Introduction

Flax (Linum usitatissimum L.) may be grown for fiber (linen) or for oil. Two kinds of flax are grown for oil, which is pressed from the seeds. The common flax yields the industrial linseed oil. Linseed oil has many uses, from paints to linoleum, oilcloth, soap, and ink. Linseed oil contains high levels of linolenic acid, which makes it dry quickly but also causes it to be subject to rancidity. The other type of flax is called solin. Solin is a generic term given to flax with low linolenic acid, and "Linola" is a Canadian trademarked brand of solin. The seeds of most flax cultivars are dark brown. The oil of solin and linola, which have light-colored seeds, is not prone to rancidity and is more suitable as a cooking oil.
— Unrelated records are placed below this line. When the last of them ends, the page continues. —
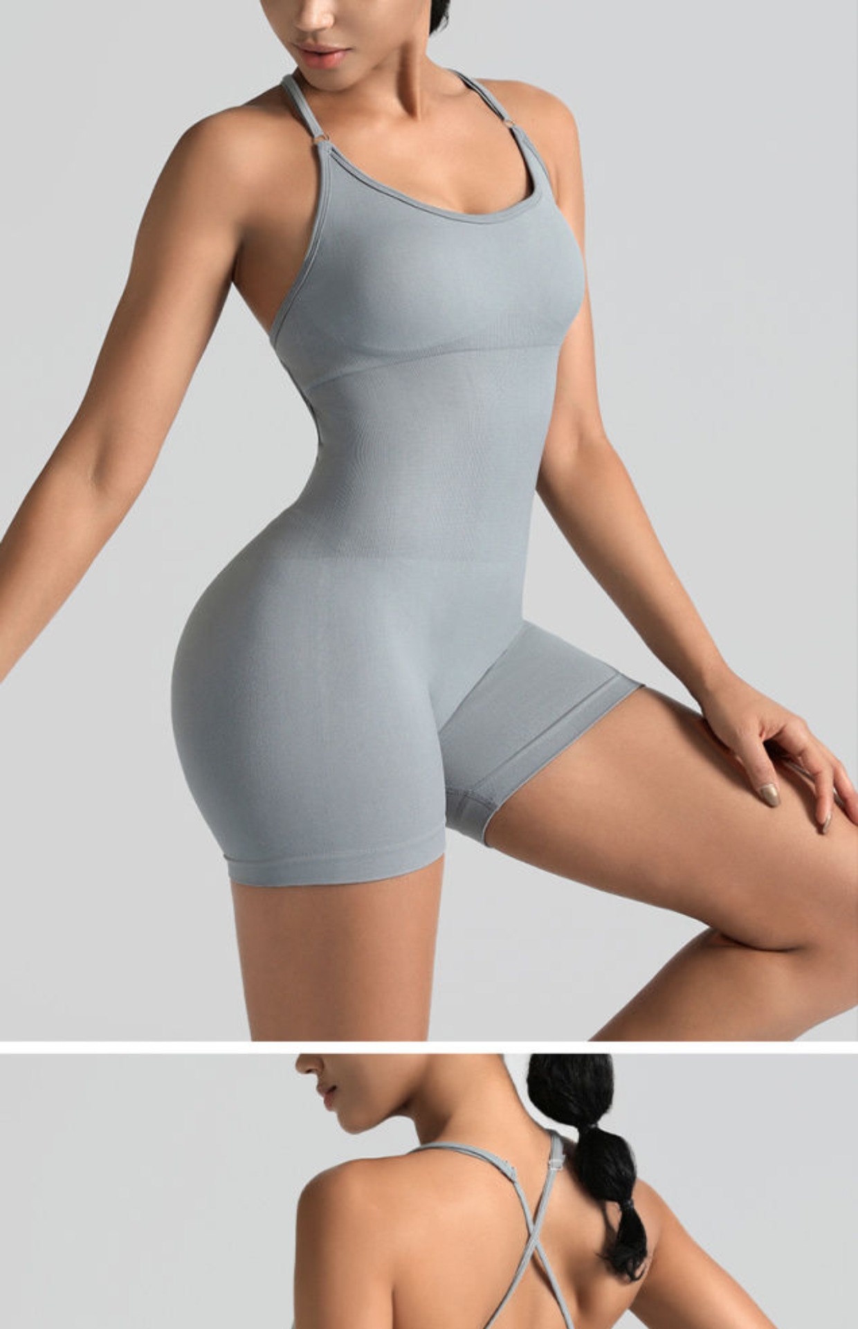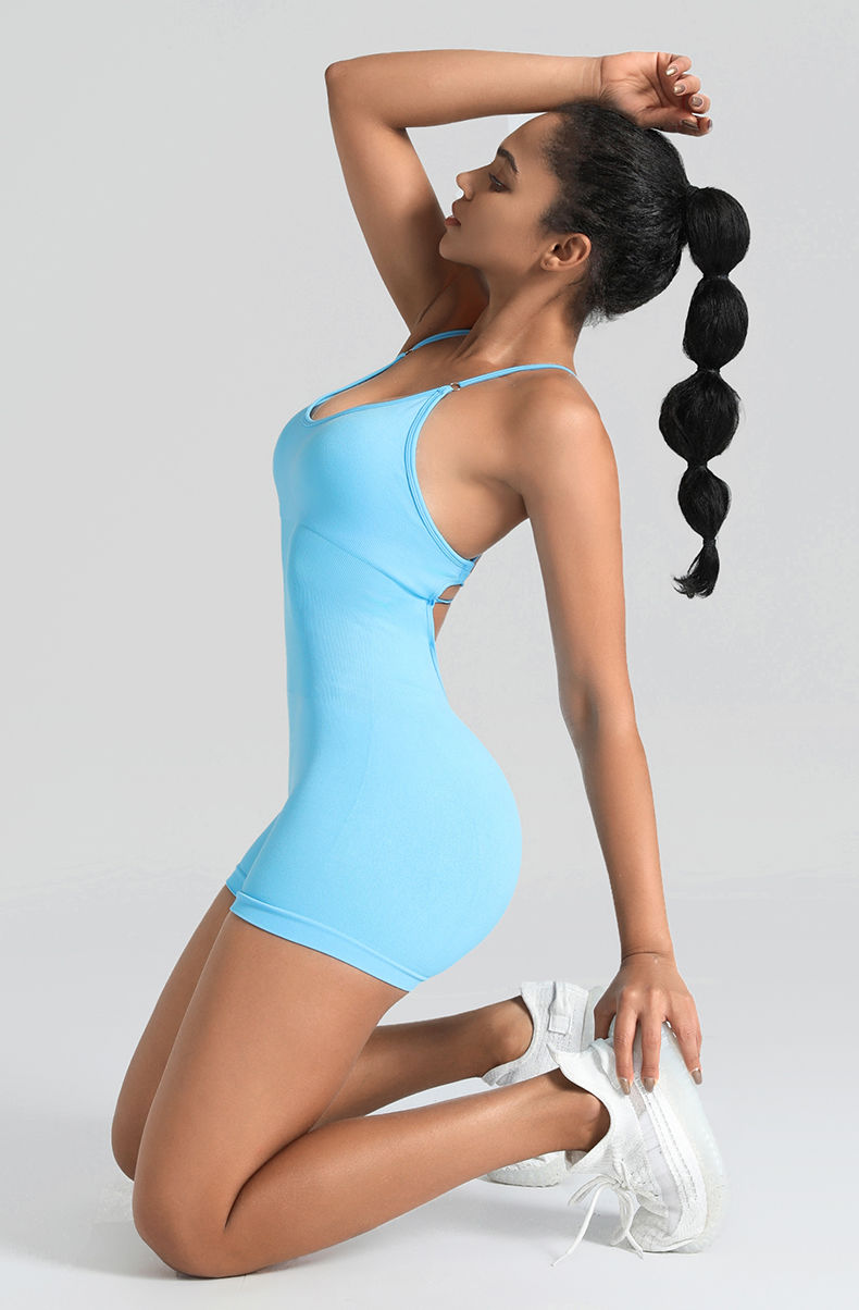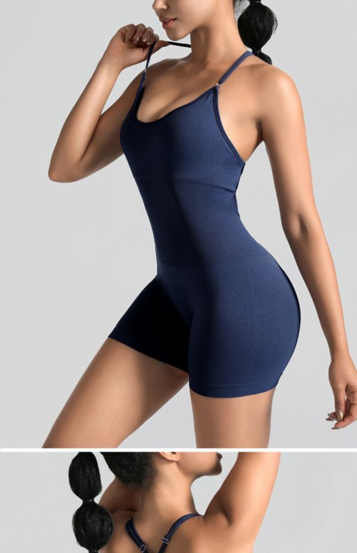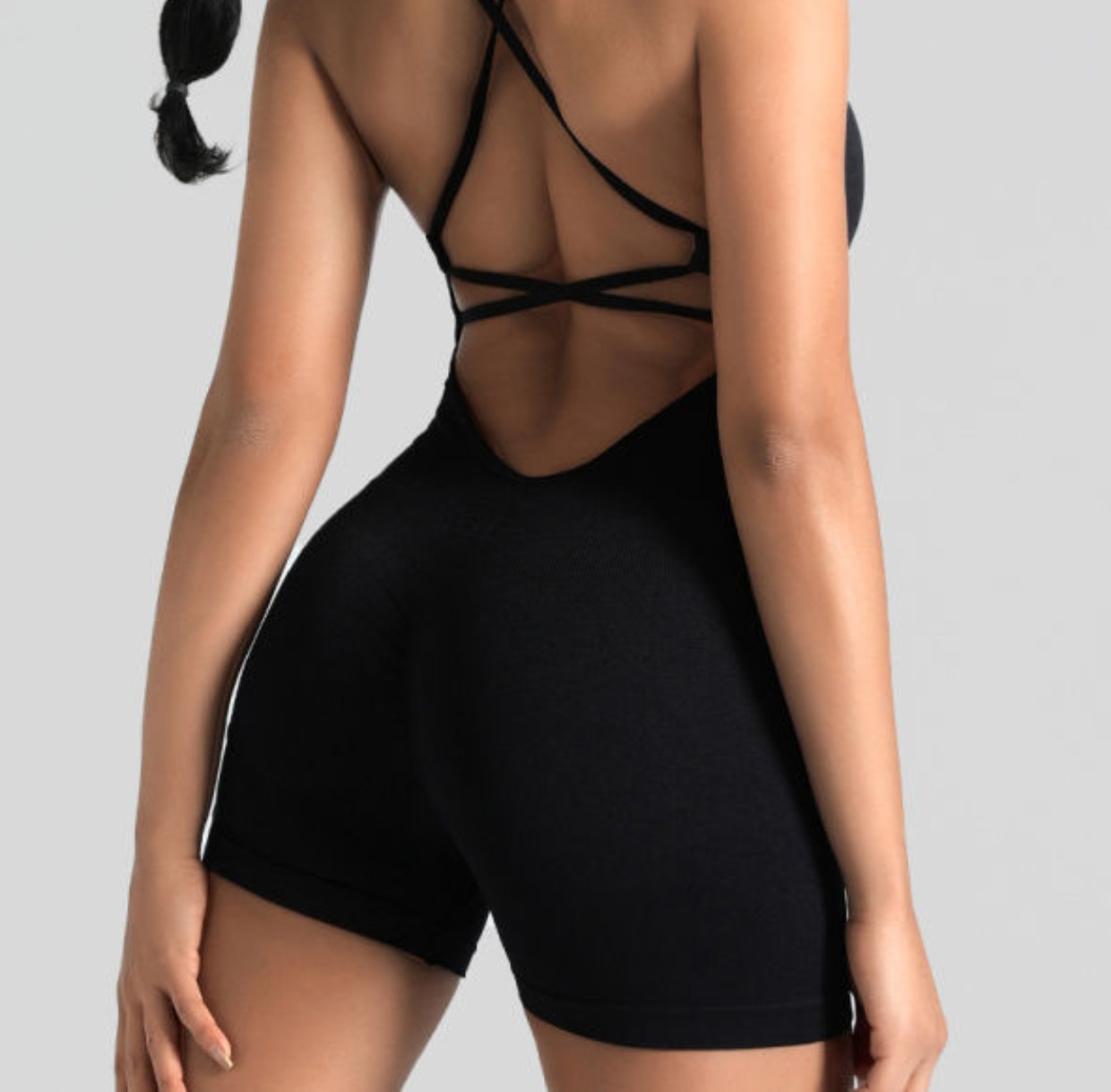性感露背镂空一体式健身服紧身速干运动黑色修身美背连体衣瑜伽服
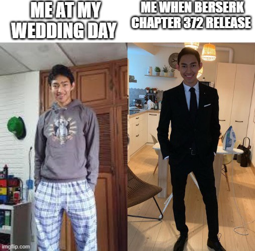 كان من البداية واضح فارق القوة بين قاتس وغريفيث واتوقع قاتس بيتخلى عن انسانيته بطريقه ولا بثانيه مقابل القوة حاليا بس مالي الا اربع ايام من بديت اتابع المانجا واشوفها ماتت مع مؤلفها العظيم بس مستغرب ليه الفصول تطول مره
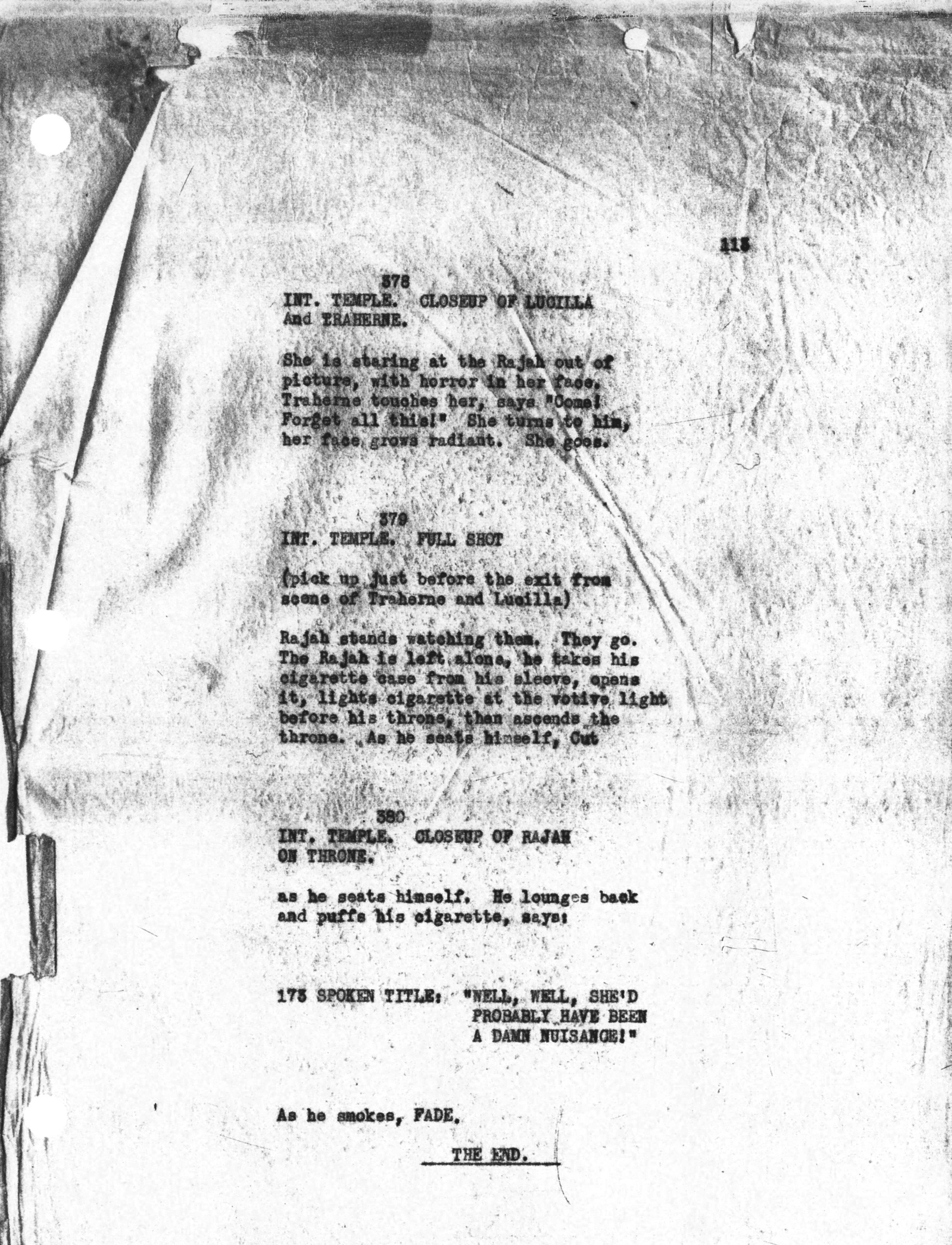 Finally, a rarity – the last page of the silent film script. Notice that Arliss’s exit line is faithfully preserved:
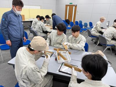 令和6年12月23日(月)株式会社アイシンのアイシン学園技能五輪チームから技術指導をしていただきました。指導していただいたのは、旋盤・機械製図・移動式ロボットの3職種で、普段は体験することが出来ないハイレベルな技術に生徒たちは目を輝かせていました。本校のOB選手や宮城県出身の選手、同じ工業高校出身の指導者の方など、生徒たちに親身になって指導していただき、とても有意義な時間となりました。株式会社アイシン様、誠にありがとうございました!
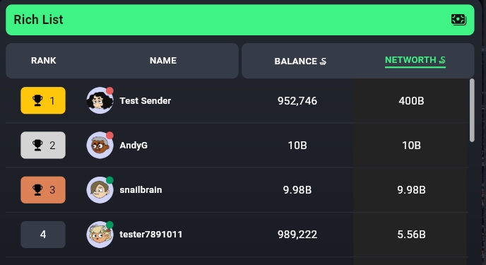 Zenginler Listesi "Bakiye" ve "Net Değer" olarak ayrılmıştır.
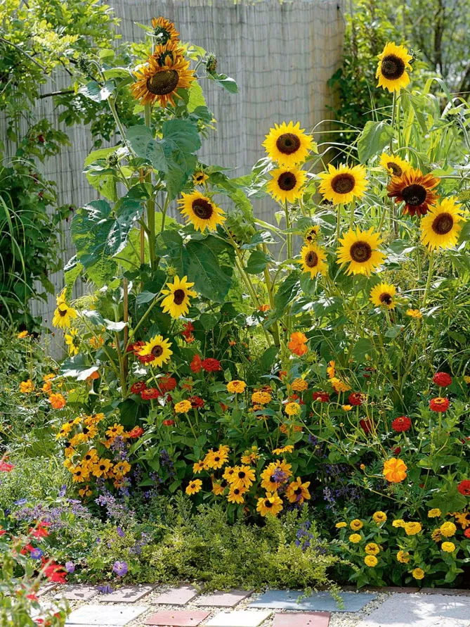 Барвисті квіти-соняшники завжди вносять багато жвавості, легкості та бадьорості в сад наприкінці сезону. Ці дуже мальовничі рослини часто висаджують біля підніжжя грядок поодинці або групами, створюючи чарівні сільські пейзажі в кожному куточку природного саду, наприклад, на квітучому лузі.
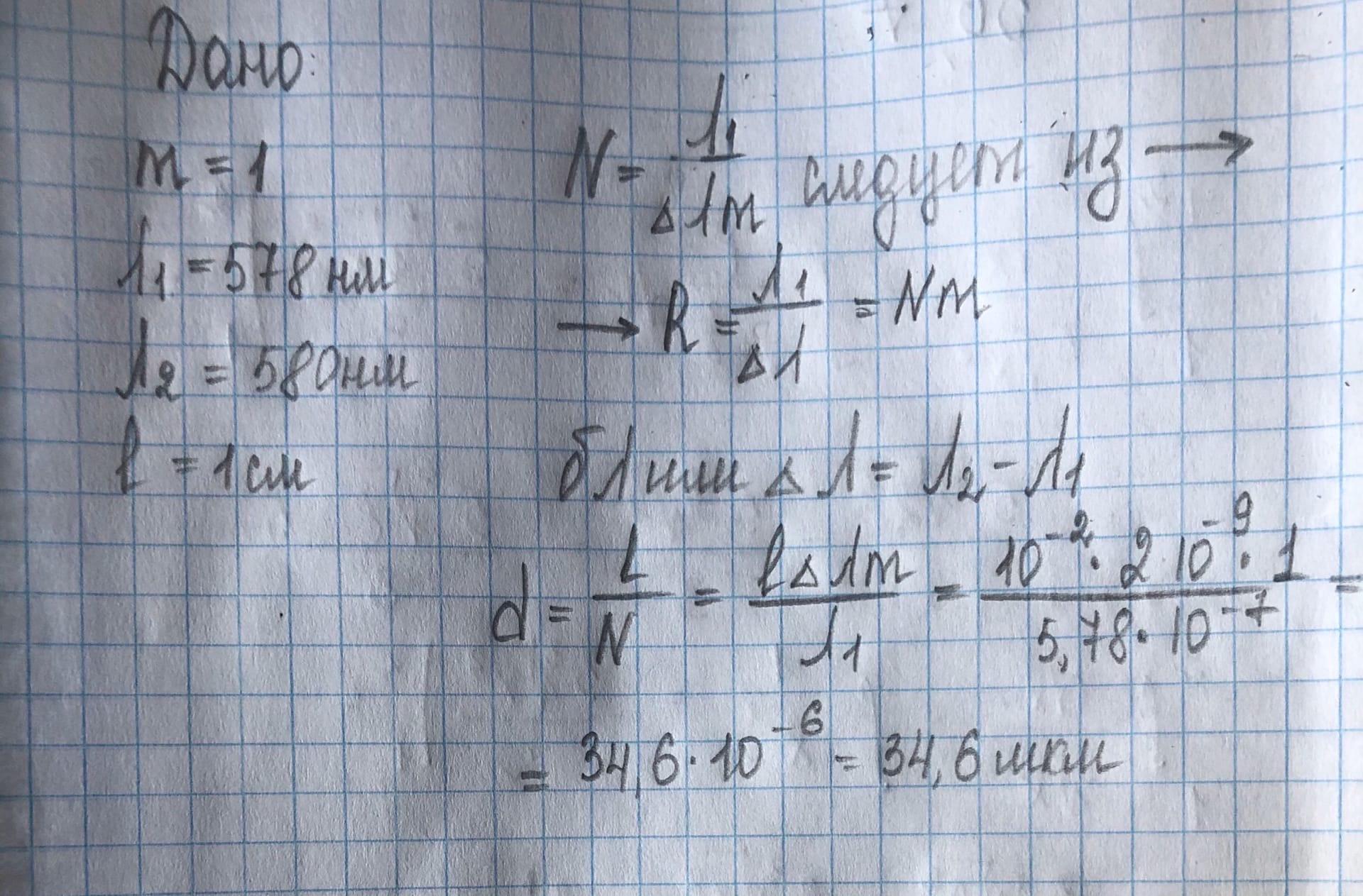Определите постоянную дифракционной решетки, если она в первом порядке разрешает две спектральные линии калия (λ1 = 578 нм и λ2 = 580 нм). Длина решетки l = 1 см.

 'Omega' flax was developed for the food industry. It produces oil high in linolenic acid, as do the industrial types, but has light colored seeds. Linolenic acid is an omega-3 fatty acid that has been reported to have health benefits. Flax is produced in Argentina, the United States, Canada, the former USSR, India, and Uruguay (2), and is typically grown under dryland conditions.

Discussion 

Yield of 'Omega' flax was good when grown under irrigation at the Western Agricultural Research Center, although dryland production is most common. Experimental oilseed flax yields of 700-1600 lb/a were obtained in northern Idaho, while yields of 535 lb/a were common in North Dakota (3). Minnesota and Wisconsin have reported flaxseed yields of 18-20 bu/a (about 1000 - 1100 lb/a) (4). While high yields were achieved at WARC under irrigation, dryland production would be expected to be lower. The economic feasibility of ‘Omega’ flax would depend upon growing costs, the current market price (about $0.20/lb for organic 'Omega' flax in 2000), and the target market, whether organic or conventional.